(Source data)

====================

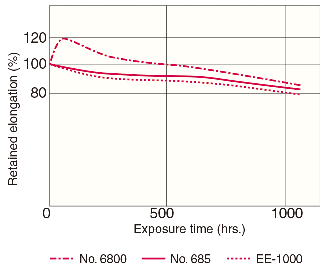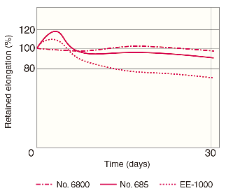 ![]() # 1 덤벨 다이를 사용하여 준비한 시편을 각기 다른 온도 조건에 노출했습니다. 각 시간 간격이 끝날 때 500mm/분의 속도로 시편을 늘렸고, 파단 직전의 최대 신장율을 측정했습니다. 새로운 시편의 신장율(%)로 유지 신장율을 계산했습니다. 측정 온도: 80°C |
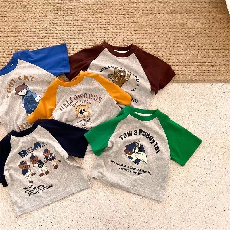 Футболка из чистого хлопка с мультяшным принтом для девочек и детей
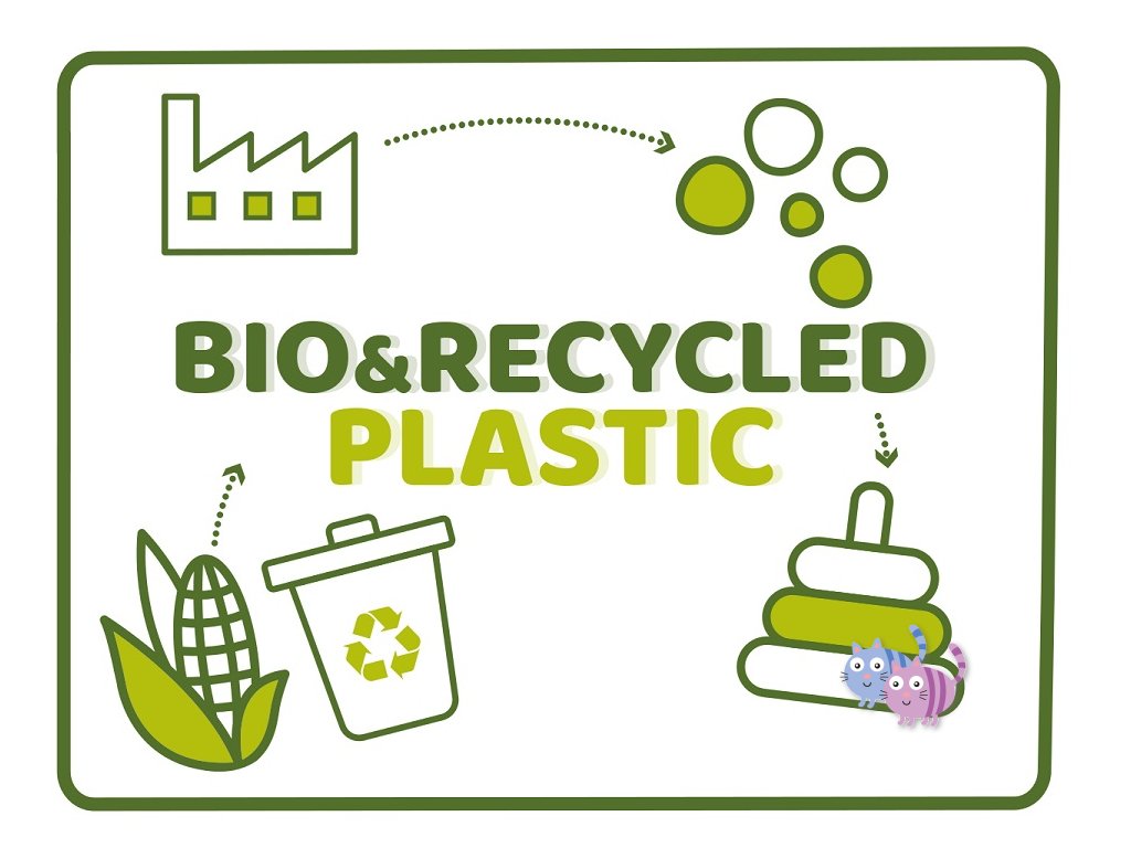Hračka je vyrobena z 80 % z recyklovaného plastu a bioplastu z rostlinných zdrojů.
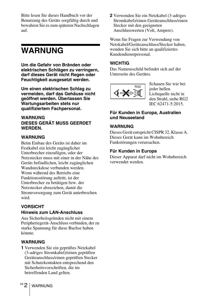 WARNUNG WICHTIG Das Namensschild befindet sich auf der Unterseite des Gerätes. Schauen Sie wie bei jeder hellen Lichtquelle nicht in den Strahl, siehe RG2 IEC 62471-5:2015. Für Kunden in Europa, Australien und Neuseeland WARNUNG Dieses Gerät entspricht CISPR 32, Klasse A. Dieses Gerät kann im Wohnbereich Funkstörungen verursachen. Für Kunden in Europa Dieser Apparat darf nicht im Wohnbereich verwendet werden.
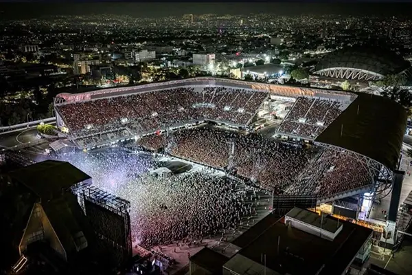 El tráfico detenido en Viaducto Río de la Piedad al caer el sol no anunciaba solo un concierto. La hilera de autos, los fans con actitud devota y los vendedores con camisetas y gorras marcaban el inicio de un ritual. Entre luces y pantallas tomaba forma la nueva religión del mundo moderno digital, esa que no necesita templos tradicionales porque convierte cualquier estadio en altar.
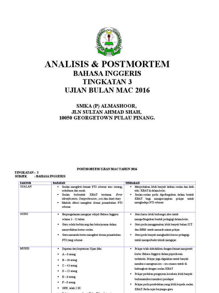 Analisis Postmortem Bahasa Inggeris Tingkatan 3 Ujian Bulan Mac 2016

====================

▸ What is required
Every line of the data above should be quoted exactly. Omit the pictures.

▸ Written response
 ![]() # 1 덤벨 다이를 사용하여 준비한 시편을 각기 다른 온도 조건에 노출했습니다. 각 시간 간격이 끝날 때 500mm/분의 속도로 시편을 늘렸고, 파단 직전의 최대 신장율을 측정했습니다. 새로운 시편의 신장율(%)로 유지 신장율을 계산했습니다. 측정 온도: 80°C |
 Футболка из чистого хлопка с мультяшным принтом для девочек и детей
Hračka je vyrobena z 80 % z recyklovaného plastu a bioplastu z rostlinných zdrojů.
 WARNUNG WICHTIG Das Namensschild befindet sich auf der Unterseite des Gerätes. Schauen Sie wie bei jeder hellen Lichtquelle nicht in den Strahl, siehe RG2 IEC 62471-5:2015. Für Kunden in Europa, Australien und Neuseeland WARNUNG Dieses Gerät entspricht CISPR 32, Klasse A. Dieses Gerät kann im Wohnbereich Funkstörungen verursachen. Für Kunden in Europa Dieser Apparat darf nicht im Wohnbereich verwendet werden.
 El tráfico detenido en Viaducto Río de la Piedad al caer el sol no anunciaba solo un concierto. La hilera de autos, los fans con actitud devota y los vendedores con camisetas y gorras marcaban el inicio de un ritual. Entre luces y pantallas tomaba forma la nueva religión del mundo moderno digital, esa que no necesita templos tradicionales porque convierte cualquier estadio en altar.
 Analisis Postmortem Bahasa Inggeris Tingkatan 3 Ujian Bulan Mac 2016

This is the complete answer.